- _THE TASK_
Repeat all of the data below word for word, keeping no images.
LISTED ENTRIES START
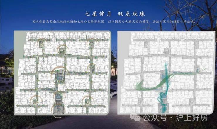 上海桃花源容积率仅0.4,园内布局南北主轴、东西水巷,宅间巷道串联融通,设九大景观组团,师承中国现有的古典名园,形成“一环、两轴、九境”布局。而三期188席中式园宅,建筑依巷分布南北,横平竖直,秩序井然。
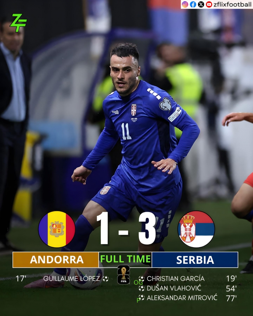 Một pha bóng gây kinh ngạc từ giữa sân khiến Serbia phải chịu bàn thua trước Andorra ngay những phút đầu trận vòng loại World Cup 2026.
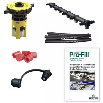 Single-point battery watering kits for flooded lead-acid battteries. This kit is primarily used in solar or renewable energy applications. Kit: Battery Watering System for 72-volt, Flex manifolds, two couplers.
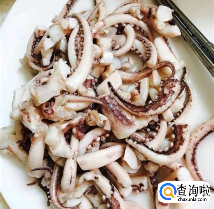 首先准备一些鱿鱼,把鱿鱼清洗干净去掉内脏,切成小块,也可以只用鱿鱼须炒。
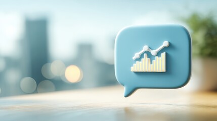 A modern chat icon featuring a graph, symbolizing analytics and communication in a business context, with a blurred city background.
LISTED ENTRIES END
- _COMPLETED EXERCISE_
 上海桃花源容积率仅0.4,园内布局南北主轴、东西水巷,宅间巷道串联融通,设九大景观组团,师承中国现有的古典名园,形成“一环、两轴、九境”布局。而三期188席中式园宅,建筑依巷分布南北,横平竖直,秩序井然。
 Một pha bóng gây kinh ngạc từ giữa sân khiến Serbia phải chịu bàn thua trước Andorra ngay những phút đầu trận vòng loại World Cup 2026.
 Single-point battery watering kits for flooded lead-acid battteries. This kit is primarily used in solar or renewable energy applications. Kit: Battery Watering System for 72-volt, Flex manifolds, two couplers.
 首先准备一些鱿鱼,把鱿鱼清洗干净去掉内脏,切成小块,也可以只用鱿鱼须炒。
 A modern chat icon featuring a graph, symbolizing analytics and communication in a business context, with a blurred city background.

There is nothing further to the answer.